Turns out, XNA is wonderful.
To start with what I know: C# is ace. It's a reasonably clean language that in the MS implementation comes with a great set of libraries (.Net). It's easy to learn, easy to read and easy to debug. Not to mention the built in honest to goodness reflection. Man, does that come in handy.
What a joy to find that a good chunk of that stuff shows up in the XNA Framework as well. For the uninitiated, the XNA Framework (based, as I understand it, on the Compact Framework) is the cut down version of the full .Net libraries designed to run on both Windows and the XBox 360. The plan is that if you stick to these bits, you should be able to run your game on the 360 with just a recompile. If you're resolutely windows bound though, you're free to additionally use any other libraries that strike your fancy.
Getting into the actual game libs, XNA provides runtime managed wrappers for DirectX graphics, input handling, audio playback, and some other miscellaneous bits and bobs. My experience so far with the graphics portion has been sublime. Not only is it laid out in a wonderfully clean and concise manner, but the performance hasn't been shabby at all. Given the overall advantages of working in managed code, I can happily see developing a game this way.
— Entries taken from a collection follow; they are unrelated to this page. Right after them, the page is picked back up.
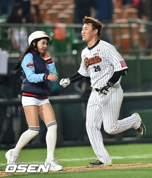 연장 11회말 2사 주자 2루 롯데 장성우가 끝내기 투런 홈런을 날린 후 그라운드를 돌때 배트걸과 충돌할뻔 하고 있다./ rumi@osen.co.kr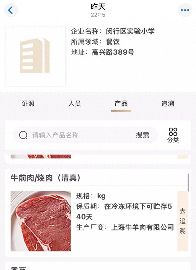 当晚,记者通过上海市食品安全信息追溯平台进行了搜索。以闵行区实验小学进购的一款“牛前肉/牛后肉”为例,该肉品的生产厂商为上海牛羊肉有限公司,保质期为在冷冻环境下可贮存540天。溯源详情信息显示,该产品由上海牛羊肉有限公司、上海绿捷公司流通,最终出货至闵行区实验小学。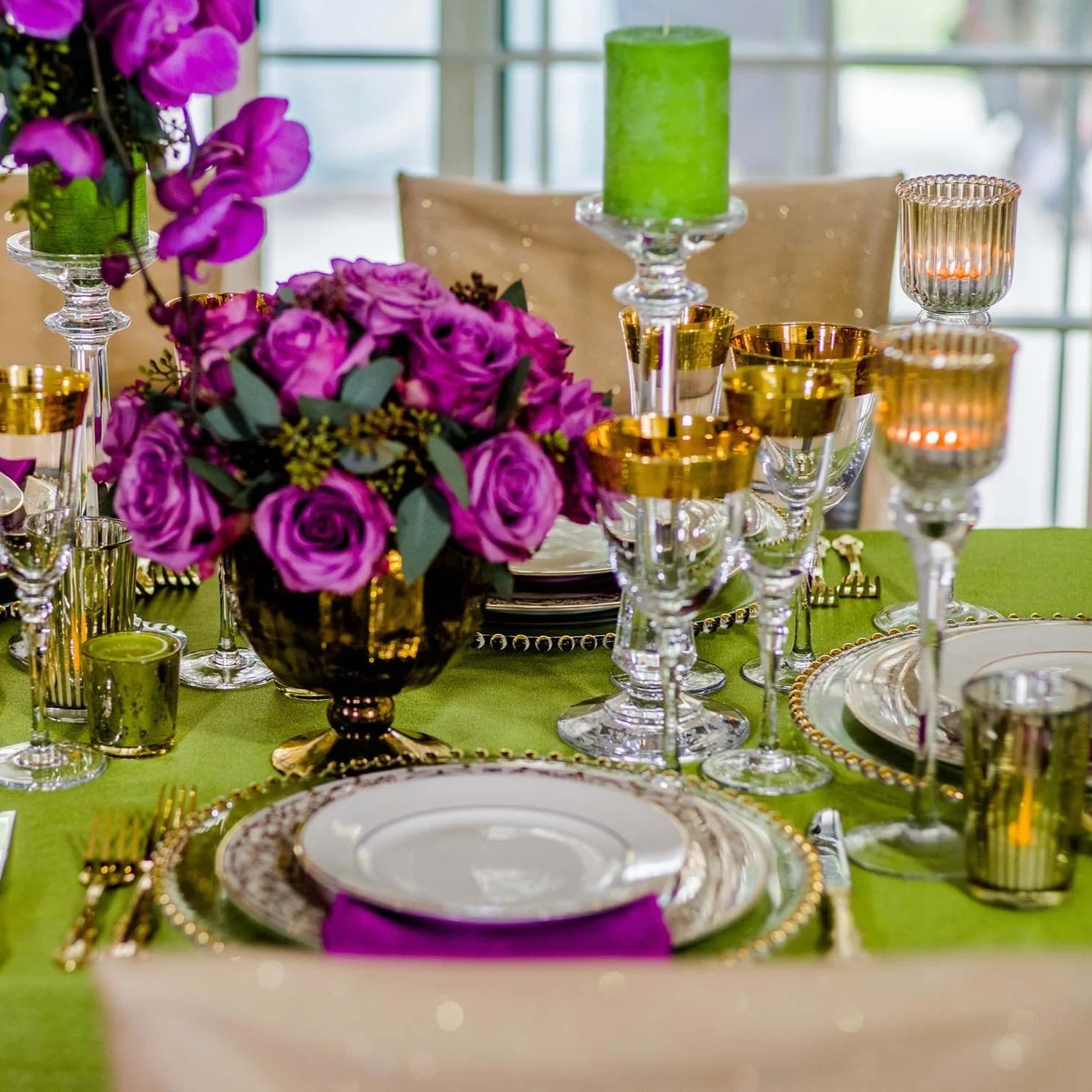 This style shoot we created a tablescape with a rich blue and white color scheme, inspired by Chinese porcelain pottery. We chose gorgeous porcelain China dinner and salad plates with royal blue napkins and placed an origami style porcelain bird as a chopstick rest. The floral design arrangement for this style showcased velvety cream color blooms in sparkling white vases of various heights and styles. We finished the look with lots of mercury gold votives and elegant footed candle holders. Creme Roses, Hydrangeas, Lisianthus, Gardenia, and cherry blossom branches with Seeded Eucalyptus.

Offline, XNA also provides a content pipeline for organising your data builds. Constructed as a Visual Studio plugin, the content pipeline does the usual dependency checked source to binary platform target conversions. The system is designed to take plugins for each conversion type, and comes with standard converters for .x, .fbx, model files .fx effect files and a brace of standard image files. These default plugins worked well enough, and I had practically plug and play data out of 3D Studio Max in no time.
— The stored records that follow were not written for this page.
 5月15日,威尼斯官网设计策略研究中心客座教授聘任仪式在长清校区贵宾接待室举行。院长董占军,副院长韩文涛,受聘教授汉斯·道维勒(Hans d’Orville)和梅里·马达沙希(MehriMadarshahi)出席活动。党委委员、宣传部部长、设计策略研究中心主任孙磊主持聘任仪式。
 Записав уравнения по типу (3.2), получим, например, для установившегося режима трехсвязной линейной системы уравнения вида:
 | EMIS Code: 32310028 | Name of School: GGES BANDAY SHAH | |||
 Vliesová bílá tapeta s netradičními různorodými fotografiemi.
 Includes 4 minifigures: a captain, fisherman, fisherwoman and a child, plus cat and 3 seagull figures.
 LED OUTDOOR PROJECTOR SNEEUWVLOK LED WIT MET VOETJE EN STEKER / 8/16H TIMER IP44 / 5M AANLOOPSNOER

There's plenty still missing, but if this is version 1 then I'm happy to invest the belief that it'll come eventually. Following is my initial laundry list of missing XNA bits and bobs:
- Animation. Preferably built in such a way that makes animation compatible with but not limited to models. Reasoning for this is that data over time can be rather useful for any number of things besides moving an articulated skeleton of bones. A channel based architecture, I'd wager, would be appropriate. Bonus points for supporting some generic form of triggering data as well, e.g. sound triggers.
- Game Structure. The current Game class takes away a lot of the tedium associated with starting up a robust directX window (actually, amazingly so. Hello XNA World is an astonishingly small amount of code), but it doesn't really point much in the way of game structure. It would be nice to see, if only as good practice examples, modules from Microsoft for graphics scenes/contexts, state machines, etc.
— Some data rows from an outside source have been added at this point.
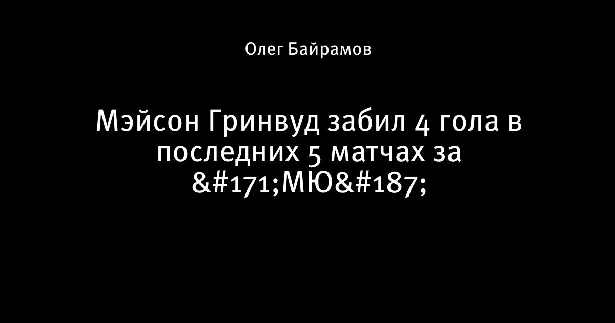 26 декабря 2019, 21:34 Мэйсон Гринвуд забил 4 гола в последних 5 матчах за «МЮ» 🔥 Этот пост написан пользователем Sports.ru, начать писать может каждый болельщик (сделать это можно здесь). Автор Олег Байрамов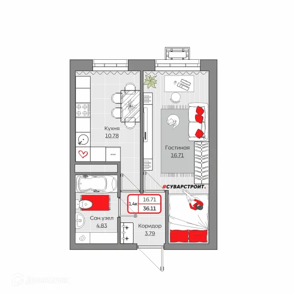 1 комн. квартира в Казане в ипотеку от 54 230 руб/месяц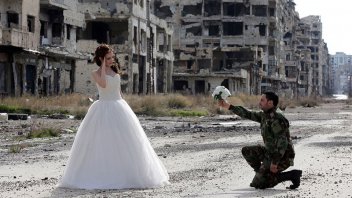 Según informa el periódico 'The Daily Mail', Nada Merhi, de 18 años, y Hassan Youssef de 27, utilizaron los escombros de una de las ciudades más destruidas del país, Homs, como escenario de su álbum de fotos de bodas.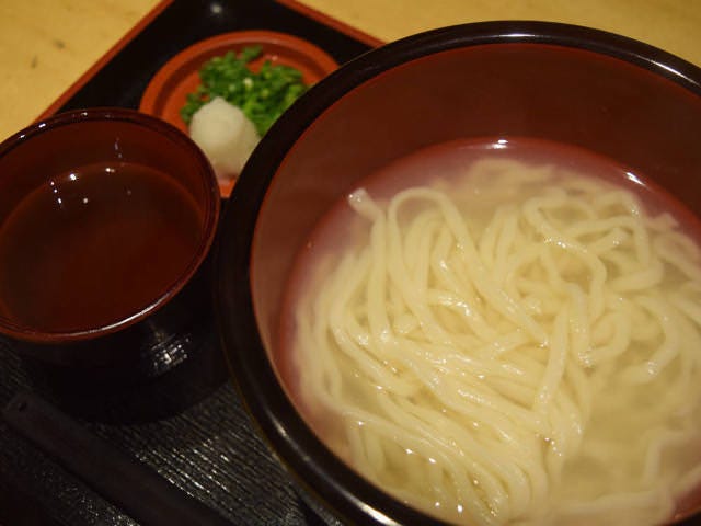 温かい、または冷たいうどんを選び、トッピングを選ぶシステム。基本300gの麺は増減可能で、減らすとワカメがサービスされる。麺が太いので一度に1、2本を箸で少しずつ口の中に送りこんでいただく。
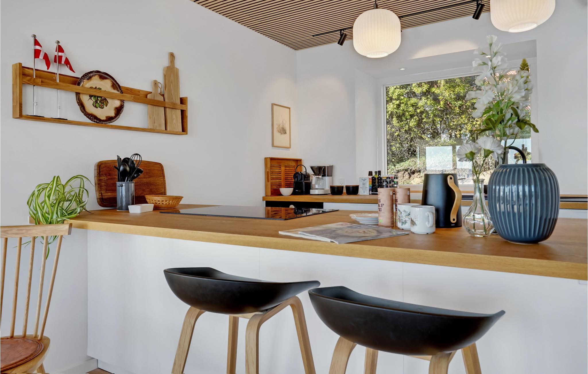 Ingen tvivl om, at dette hus er noget helt særligt. Her flytter I ind i en moderne bolig, hvor der er lagt vægt på kvalitetsmaterialer, en lys og enkel farveskala og en atmosfære, der gør, at man kommer helt i zen. Sæt jer i det store opholdsrum og læn jer tilbage i sofaen - I behøver faktisk ikke anden underholdning end den vidunderlige udsigt, som I får gennem vinduerne her.

- UI. There are only so many ways to build the back end code for a UI system. I know, I've written a few myself. I've yet to see any really compelling reasons to pick one over the other, and frankly if any of them were available off the shelf I'd jump at using it. Microsoft have already built the great Forms system for Windows programming, I'd love to see them apply some magic to game UIs.
- Online Support. Nothing in the XNA about playing online yet.
No, I think where XNA really lives, for us devs anyway, is in promises for the future. If Microsoft can demonstrate that they're in it for the long haul, then they might win over the more staid among us when it's time to upgrade from our current setups.
Then perhaps I'll finally get to write some runtime managed code!